Your assignment instructions are the following:

  1. Work inside the R project “StatsLab1” that you made for lab 1.
  2. Create a new R Markdown document called “Lab2.Rmd”
  3. Use Lab2.Rmd to show your work attempting to solve the following generalization problems. Commit your work regularly so that it appears on your Github repository.
  4. For each problem, make a note about how much of the problem you believe you can solve independently without help. For example, if you needed to watch the help video and are unable to solve the problem on your own without copying the answers, then your note would be 0. If you are confident you can complete the problem from scratch completely on your own, your note would be 100. It is OK to have all 0s or 100s anything in between.
  5. Submit your github repository link for Lab 2 on blackboard.
  6. There are six problems to solve, each worth 1 point.

Problems

  1. Use R to demonstrate that the mean minimizes the sum of the squared deviations from the mean. Accomplish the following steps:
  1. Produce a sample of at least 10 or more different numbers
  2. Produce a simulation following the example from the concepts section
  3. Use your simulation to test a range of numbers smaller and larger than the mean to show that the mean minimizes the sum of the squared deviations from the mean.
  4. Plot your results.
  1. Write a custom R function for any one of the following descriptive statistics: median, mode, standard deviation, variance. Demonstrate that it produces the same value as the base R function given some set of numbers.

  2. Imagine the same instructor taught a morning, afternoon, and evening section of the same course. And, the average scores for each section on a midterm were 85% for the morning, 90% for the afternoon, and 93% for the evening sections. Create a data.frame representing these means for each section. Then, use ggplot2 to plot the means as bar graph. (hint you will need one vector for the class sections, and one vector for the means. Then you can combine them into a data.frame before plotting them)

  3. Imagine there were two instructors, and they each taught different sections in the morning, afternoon and evening. The midterm averages for instructor 1 were 75%, 78%, and 80% in the morning, afternoon, and evening. The midterm averages for instructor 2 were 88%, 76%, and 63% for the morning, afternoon, and evening. Create a data.frame representing the means, the time of day, and the instructors (three columns). Then plot data.frame using ggplot2 as a bar graph.

  4. Import the WHR2018.csv data file, containing measure from the World Happiness report from 2018. For the years 2010 to 2015, what was the mean “healthy life expectancy at birth” for each year (find the mean for each year across countries). Show your results in a table and in a graph using ggplot.

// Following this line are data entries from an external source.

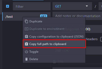 A new context menu entry is available to copy the full API endpoint path: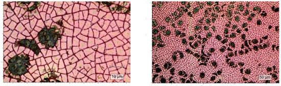 The structure and morphology of the initial electrodeposited α-Fe2O3 films, as well as their optical properties, correlate well with the literature data [29]. Microphotographs of the surface of titanium-doped hematite films (Figure 4) demonstrate that the films are homogeneous, dense and contain some defects.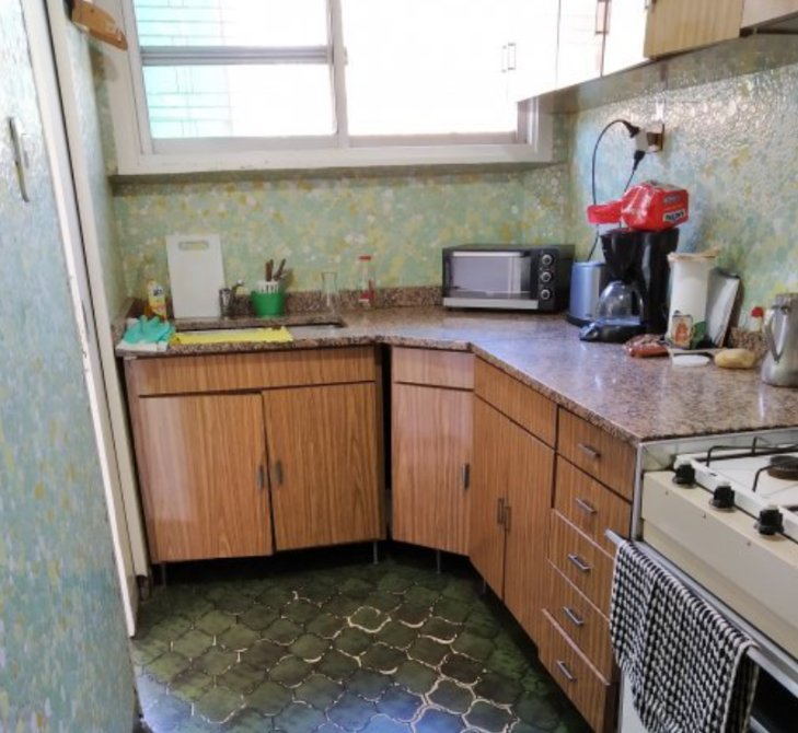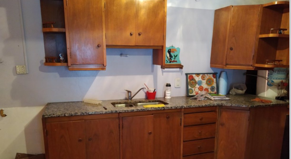 Cocina de 3 x 1,50 m con mesada de granito, bajo y sobremesada en fórmica, pisos cerámicos

  5. Repeat the above, except in addition to calculating the mean for each year, also calculate the standard deviation for “healthy life expectancy at birth” for each year. Then, add error bars to your graph using the +1 and -1 standard deviations from the means for each year.

Advanced

This problem is not officially assigned for points. I’m placing it here for your consideration.

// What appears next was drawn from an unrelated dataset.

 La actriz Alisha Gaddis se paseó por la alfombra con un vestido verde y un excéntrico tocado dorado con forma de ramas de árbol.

The mean minimizes the sum of the squared deviations. The median minimizes the sum of the absolute deviations. Demonstrate these properties by simulation in R.

Create a set of numbers where the mean and median are different. Then show a plot of values around the mean and the median showing that the mean minimizes the sum of the squared deviations. Finally, create a plot of values around the mean and the median showing that the median minimizes the sum of the absolute deviations.